» **Extracted entries**:
- - -

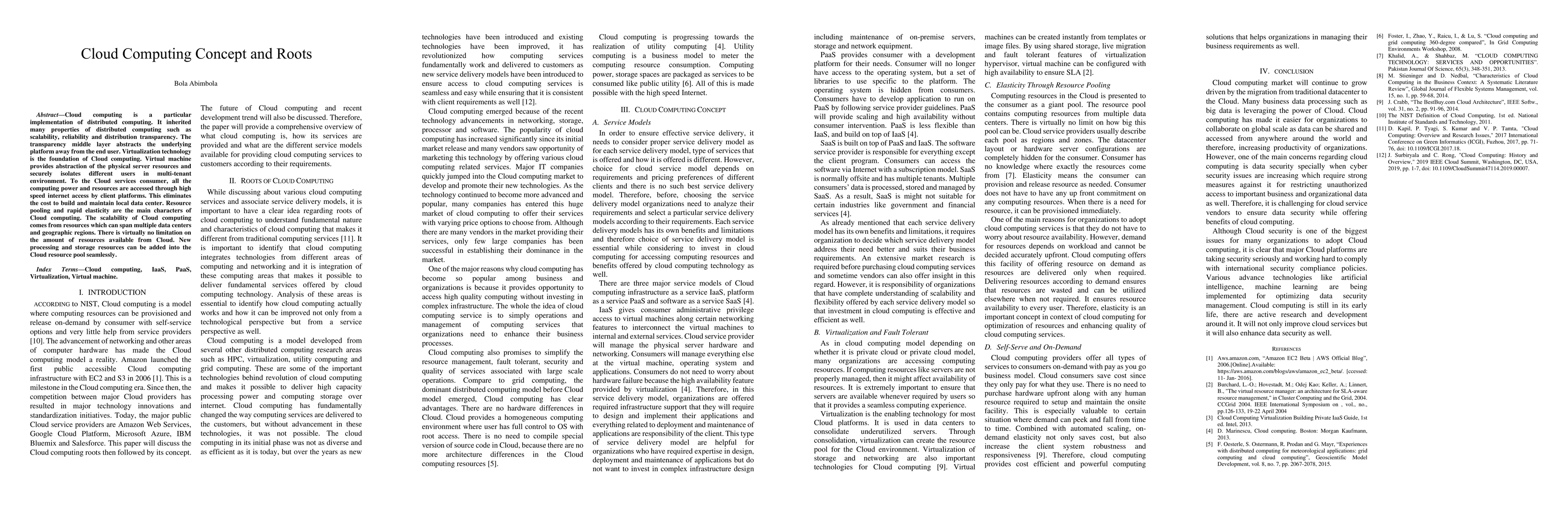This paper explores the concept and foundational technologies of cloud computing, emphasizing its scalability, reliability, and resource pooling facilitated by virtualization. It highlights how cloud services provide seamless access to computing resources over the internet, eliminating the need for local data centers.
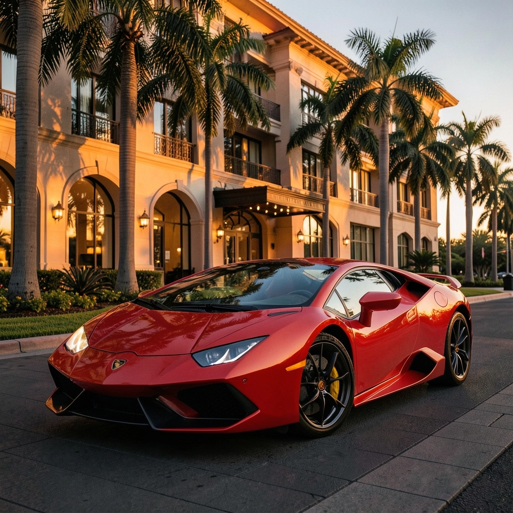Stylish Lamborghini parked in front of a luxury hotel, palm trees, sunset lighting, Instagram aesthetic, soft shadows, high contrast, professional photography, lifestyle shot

- - -

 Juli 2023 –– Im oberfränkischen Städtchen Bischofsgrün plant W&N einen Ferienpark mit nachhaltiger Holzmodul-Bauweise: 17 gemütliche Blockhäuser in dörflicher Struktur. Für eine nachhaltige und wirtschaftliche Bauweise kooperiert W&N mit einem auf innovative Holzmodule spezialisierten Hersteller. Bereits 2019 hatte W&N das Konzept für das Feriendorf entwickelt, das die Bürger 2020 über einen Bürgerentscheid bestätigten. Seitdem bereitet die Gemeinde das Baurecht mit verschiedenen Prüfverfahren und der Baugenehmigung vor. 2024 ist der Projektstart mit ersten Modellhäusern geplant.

- - -

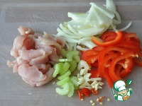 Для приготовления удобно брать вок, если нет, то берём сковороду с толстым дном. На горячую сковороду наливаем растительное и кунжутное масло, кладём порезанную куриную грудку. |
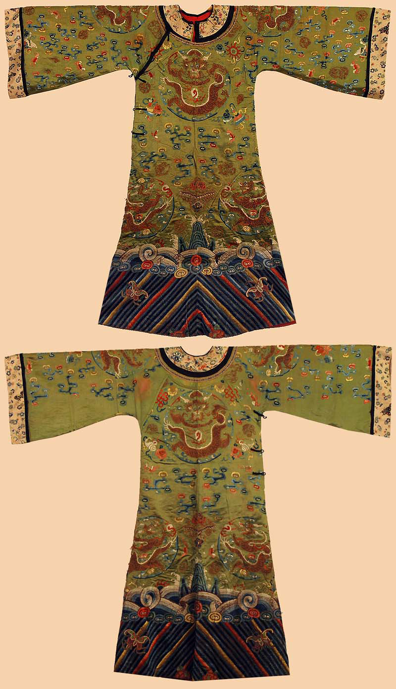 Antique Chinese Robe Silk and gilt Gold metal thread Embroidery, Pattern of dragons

- - -

» **Goal of the exercise**:
In the data above, retype only the stretch from the line with "This paper explores" through the line with "Stylish Lamborghini parked", word for word, and skip any pictures.

» **Your response**:
This paper explores the concept and foundational technologies of cloud computing, emphasizing its scalability, reliability, and resource pooling facilitated by virtualization. It highlights how cloud services provide seamless access to computing resources over the internet, eliminating the need for local data centers.
Stylish Lamborghini parked in front of a luxury hotel, palm trees, sunset lighting, Instagram aesthetic, soft shadows, high contrast, professional photography, lifestyle shot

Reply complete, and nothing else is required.